* PROBLEM REQUIREMENTS: Pick out every line in the data below that holds "Bambulha".

* DATA FOR ANALYSIS:

/---

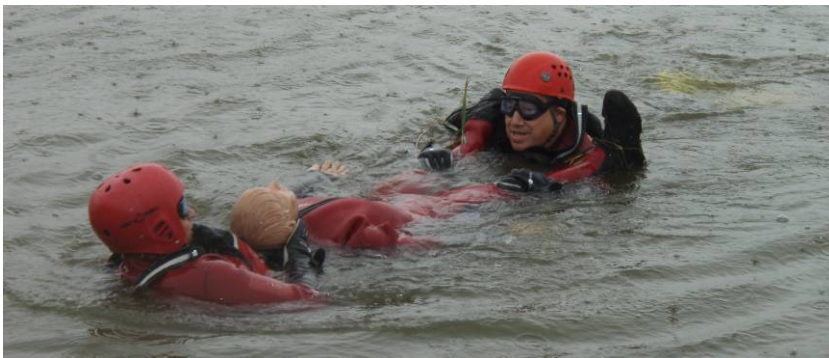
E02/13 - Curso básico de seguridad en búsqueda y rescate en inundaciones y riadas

\---
/---

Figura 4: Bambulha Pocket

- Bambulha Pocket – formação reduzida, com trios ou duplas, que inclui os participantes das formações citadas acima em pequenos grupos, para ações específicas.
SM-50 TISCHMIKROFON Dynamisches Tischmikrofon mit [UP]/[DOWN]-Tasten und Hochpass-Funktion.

\---

* RESPONSE:
Figura 4: Bambulha Pocket
- Bambulha Pocket – formação reduzida, com trios ou duplas, que inclui os participantes das formações citadas acima em pequenos grupos, para ações específicas.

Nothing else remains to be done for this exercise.